Andrés, poco acostumbrado a unos elogios tan retóricos hacia su poesía, enseguida empezó a irse de la lengua sin ninguna contención. Le detalló a don Dionisio su teoría de «los dos Eutiquios», basada en lo que creyó oír a una vieja en una carnicería de Tineo y que él consideraba la piedra angular de todo aquel caso; la gran aportación de Elvira («no sólo es muy guapa, también es muy inteligente, aunque haga cosas muy raras»): la taberna Oliveros de Madrid como tradicional centro de reunión de los emigrantes del concejo de Tineo en la capital; la tarjeta que le entregaron en la discoteca U4; el testimonio de don Marcelino sobre los sucesos de Obona…

—¡Joder, Andrés! Podría haber sido usted un poco más discreto. 

—No es tan mal policía como yo creía —se justificó—. Quería, incluso, comprarme un ejemplar de la antología, la pena es que ya están todos vendidos.

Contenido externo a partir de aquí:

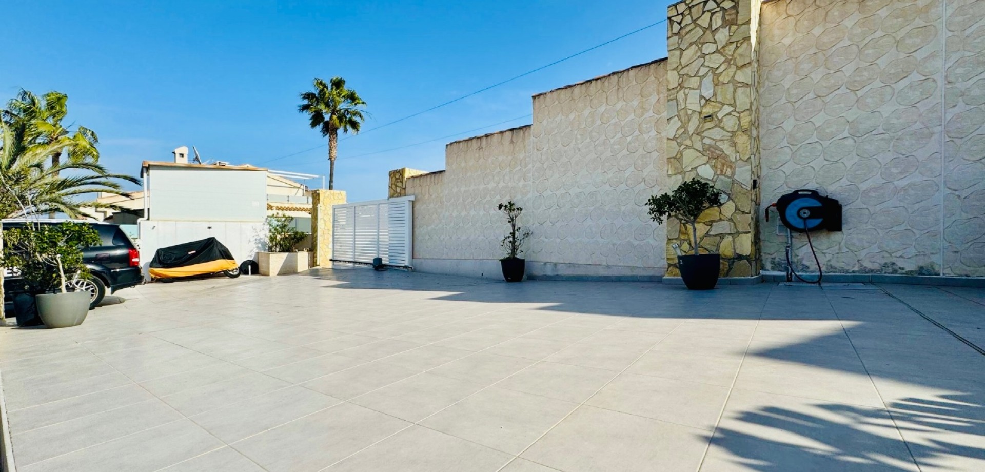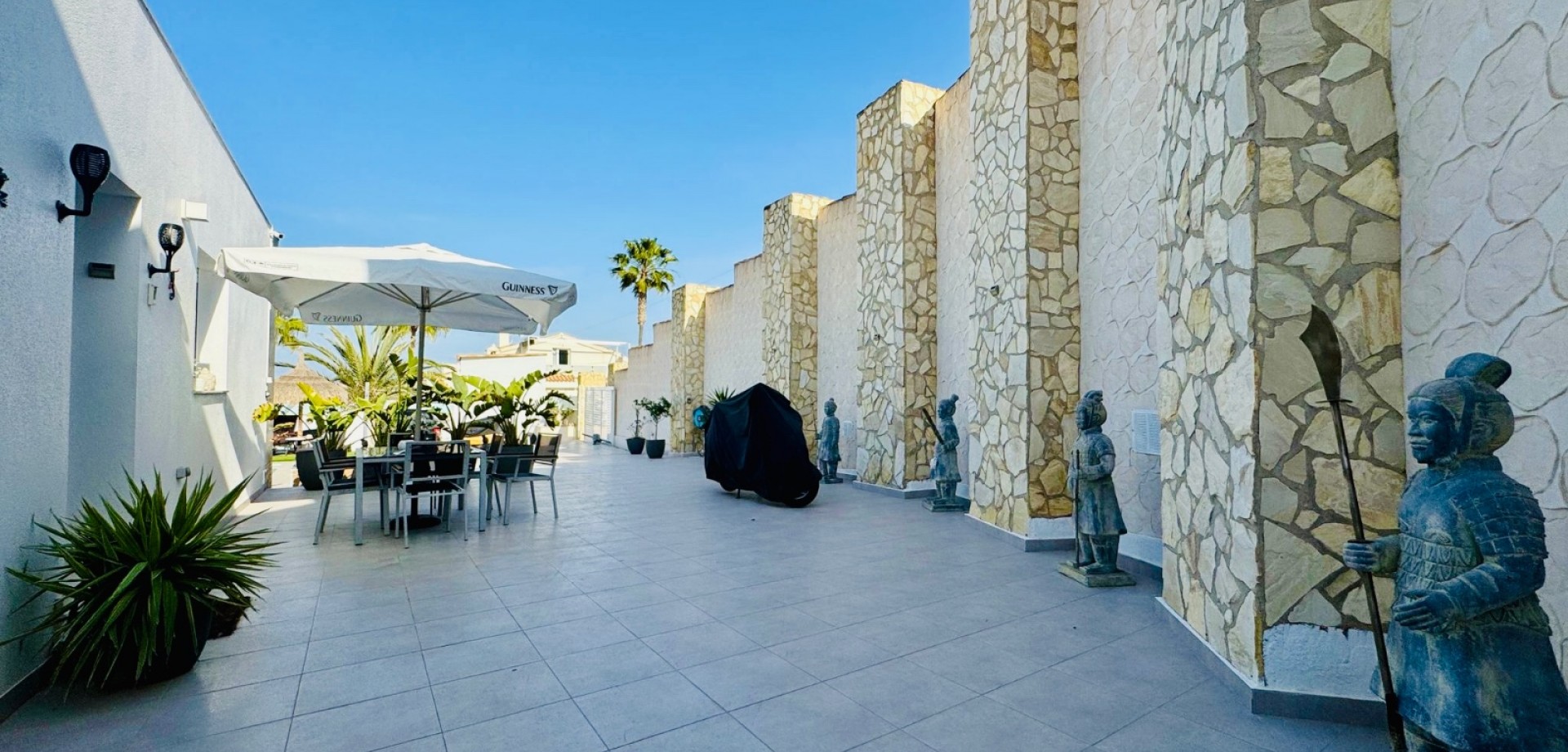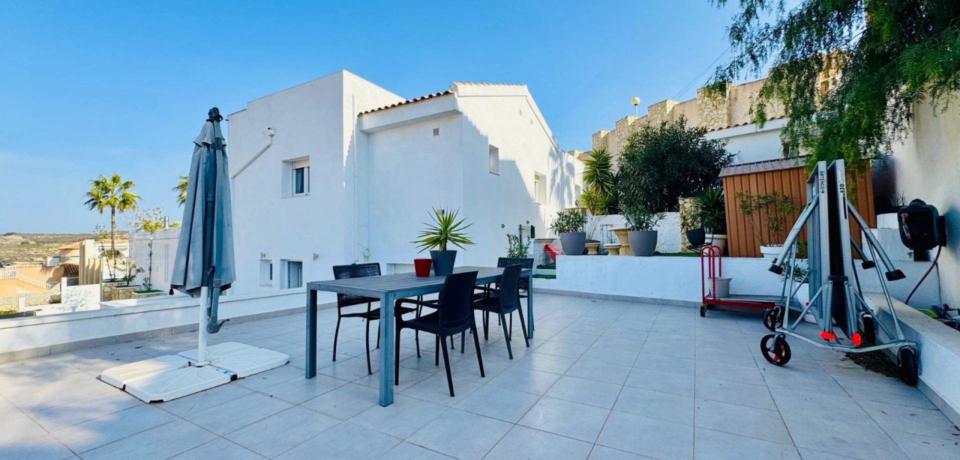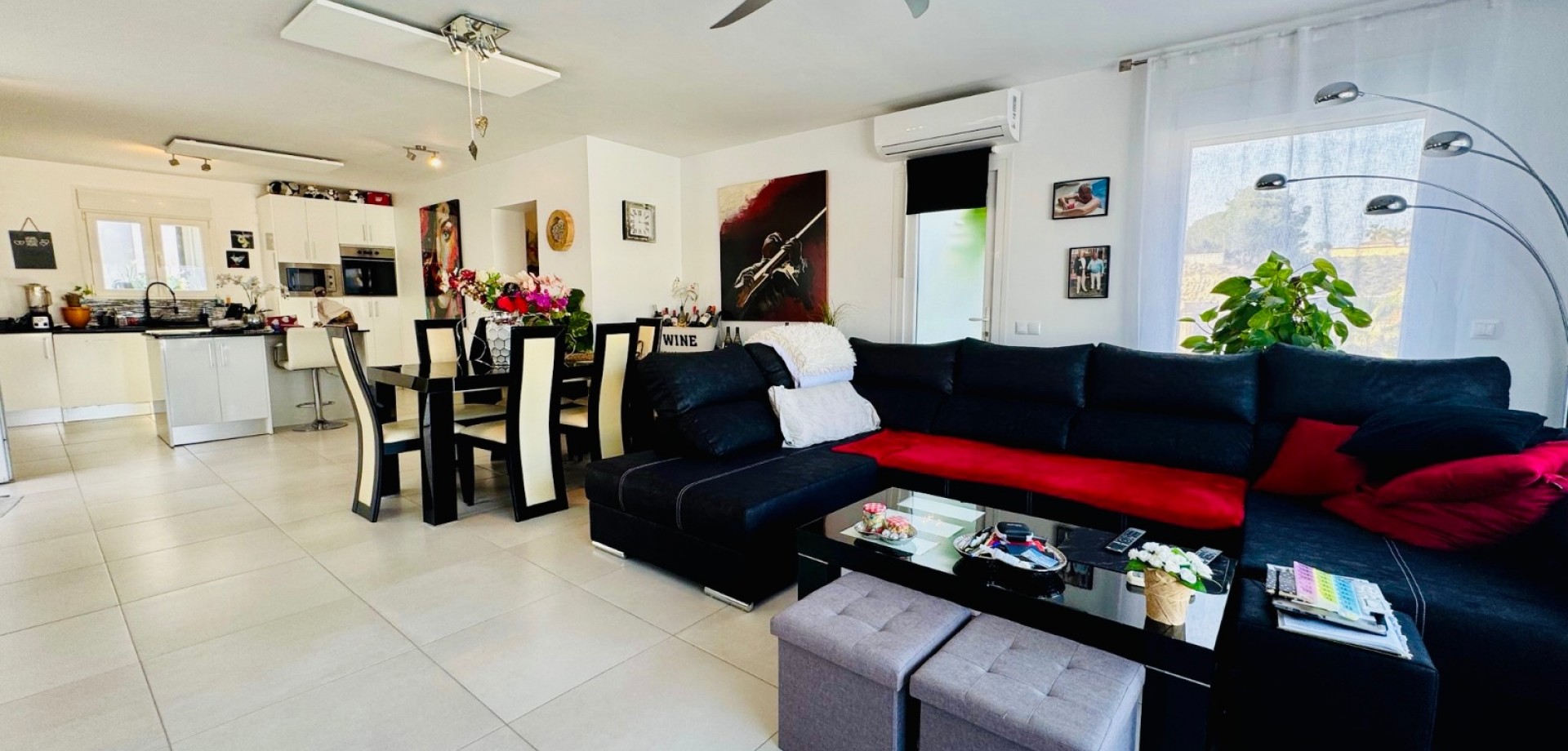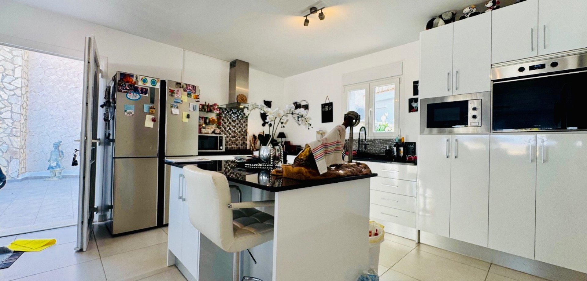 Discover this stunning 215m² premium villa, set on a 1,080m² plot in the prestigious La Marquesa Golf area. With elegant design and spacious interiors, this property offers the perfect combination of comfort, privacy, and exclusivity. Layout: Main floor: Spacious open-plan living and dining area, fully equipped kitchen, one full bathroom, one bedroom with an ensuite, and a master bedroom at the end of the hallway.Lower level: Large living space, independent kitchen, a spacious bedroom, and a full bathroom. Ideal as a separate apartment or for holiday rentals.Guest house: Located at the back of the property, featuring one bedroom and an ensuite bathroom.Second guest house/office: A separate living space with a living room, kitchen, one bedroom, and an ensuite bathroom. Outdoor Areas: Private pool with integrated jacuzziLarge 120m² solarium with panoramic viewsSpacious patio with outdoor dining areaFully landscaped garden Located in a quiet and exclusive setting, this villa is ideal as a private residence or as a high-end holiday rental investment. Contact us for more information or to arrange a viewing.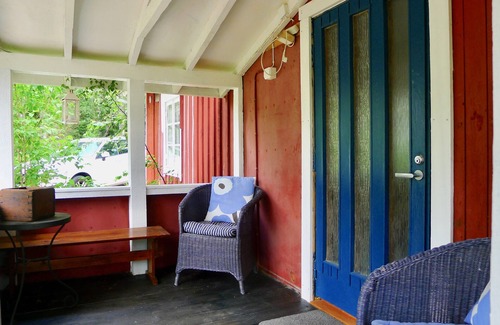 Recently renovated cottage on the sea shore is suitable for 2-4 persons. Open plan living/kitchen + one double bedroom with a super king (6ft) bed, bathroom with shower, hand basin and flush toilet. Kitchen fully equipped with dishwasher, fridge, oven, induction plate and microwave, electric kettle, coffee machine and toaster. Large sofa and armchair which can be replaced with 2 extra beds in the living room can make this cottage suitable for 4 persons. Also dining table and 4 chairs. Outside the porch offers seating, private terrace with grill and table plus seating. Outside space of 1h is shared with our other one bed rental cottage (Orchard Cottage at Solhem) and the owners house. This also includes the log sauna, hot tub, beach and pier. Parking adjacent to cottage. Row boat and bicycles are included. Small summer pub (2km) in next village and soon to open restaurant in our village. Eddy our friendly dachshund and Millie-cat live on site and lots of wildlife surround and sometimes visit us…

Ya le he dicho que tenemos pensado lanzar una segunda edición.

A expensas del resultado de la entrevista con Elvira, eran absolutamente imprevisibles las conclusiones que sacaría don Dionisio de su estancia en Pedrosa y las repercusiones que de ellas podrían derivarse para nosotros. En realidad, para mí la única motivación para seguir con el caso era el pretexto que me brindaba para mantener el contacto con Elvira; así que, tratando de dejar de lado todo lo demás, me encerré en mi habitación a escribir el informe que le habíamos prometido trasladar por correo cada cierto tiempo. 

Nuestra querida Elvira:

Espero que al recibo de la presente se mantenga usted tan saludable y hermosa como la última vez que nos vimos. Estas líneas, como acordamos en su día, responden al propósito de mantenerla cumplidamente informada de todos los avatares que se suceden en nuestra investigación sobre las extrañas circunstancias que rodean la muerte de don Eutiquio Ramírez Sandoval.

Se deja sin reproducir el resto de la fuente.